# shar pei cross



## tom and tina (Oct 28, 2009)

Hi my mum is interested in buying a shar pei crossed with a staffy. Although my mum has never had a shar pei she has had another staffy cross who got pts earlier today (terminal cancer ). Because scruff was terminal, my mum had been thinking about getting this cross as company for her lab. 
I know that shar pei's have a few problems in there breed, and this dog looks more shar pei than staff. Im just worried that if she gets this dog and it shows the negatives of the breed, then she will have her heart broken again.
I know its not a exact science but what would be the chances of this dog being fine. I know cross breeds are usually alright, but the chap who lives next door has had 4 shar pei's over the last 3 years of which 3 have died of the breeds problems. 
Sorry to go on. Any help would be great


----------



## corny girl (Aug 30, 2009)

Why not go to a rescue & get one of the many Staffs on death row? You have had experience of Staff x so a rescue one would be ideal & you know what you are getting then. Yes Shar Pei's can suffer with skin & coat problems & would maybe be more noticeable in a cross as i doubt the parents would of been health tested either. I would avoid this one & maybe take a look round your local rescue kennels at what they have in :2thumb:.


----------



## polar (Sep 24, 2009)

tom and tina said:


> I know cross breeds are usually alrightt


This is incorrect...cross breeds can and do inherit health conditions from both breeds involved in the cross. Sharpei's are great dogs but sadly have a few health conditions some are not even tested for because they are un-tracable including sharpei fever which is not only heartbreaking to watch but difficult to live with. I would strongly suggest a more healthy alternative if looking for a forever dog, including going to a breeder who health tests that way you know exactly what you are getting.


----------



## tom and tina (Oct 28, 2009)

Yer she was going to have a look at the centres too. I have told her to wait for a little while though. Scruff was only pts today, and i know she has been ill for 6 months, but i dont want her to get another dog to replace her just yet. Its the whole rebound thing, and the emotions are all over the place. Scruff joined the family when i was 14 and im now 26. It just seems too soon to replace her, but i said i would ask because im more worried about the shar pei flu ( i think thats what next door said it was that finished his off).


----------



## tom and tina (Oct 28, 2009)

emmamalakian said:


> This is incorrect...cross breeds can and do inherit health conditions from both breeds involved in the cross. Sharpei's are great dogs but sadly have a few health conditions some are not even tested for because they are un-tracable including sharpei fever which is not only heartbreaking to watch but difficult to live with. I would strongly suggest a more healthy alternative if looking for a forever dog, including going to a breeder who health tests that way you know exactly what you are getting.
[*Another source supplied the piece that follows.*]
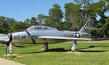 - Lockheed F-80C-10-LO, 49-0432, marked as F-80C-10-LO, 49-713A, of the 16th Fighter-Interceptor Squadron, 51st Fighter-Interceptor Wing, flown by Lt. Russell J. Brown when he downed a MiG-15 in the first all-jet air battle, 8 November 1950.[6] This airframe served with the 66th Fighter Squadron, 57th Fighter Group, before transfer to the Uruguayan Air Force in August 1958 as 218, with Grupo de Aviacion No.2, Brigada I, at Montevideo-Carrasco Airport. Returned to the USAF in 1970.[7]

I have my reservations about my mum getting a dog so soon. But she said she would have a good look before deciding. I will tell her about the shar pei cross because i dont think she could cope with the heart ache if it all goes pete tong in 12 months time or so


----------



## polar (Sep 24, 2009)

tom and tina said:


> I have my reservations about my mum getting a dog so soon. But she said she would have a good look before deciding. I will tell her about the shar pei cross because i dont think she could cope with the heart ache if it all goes pete tong in 12 months time or so


I have spent a good 7 years looking into the health and genetics of dogs and sadly sharpei's are one of the few that I would avoid until the breed is in better conditions and until there is a test for sharpei fever. Best of luck, and rescue centers are always a great place to find a dog needing a second chance.:2thumb:


----------



## Michelle G (Feb 27, 2008)

I have an 8 mth old shar pei x lab. He looks quite shar pei but has the temprament of a lab. 
So far he has been very healthy, his eyes are clear of excessive wrinkles and I have read that the shar pei fever seems to be closely linked with the shar peis with excessive wrinkles (not sure how true this is).
They are prone to allergies so I have always fed him on an hypoallergenic food to be on the safe side which can be expensive. 
However over the past week we have moved to my boyfriends parents on a temp basis and they live on a farm, running around in the meadows and long grass has made him quite itchy.........piriton seems to be curing the problem but as they have minimal fur on their face they can quite easily mark themselves.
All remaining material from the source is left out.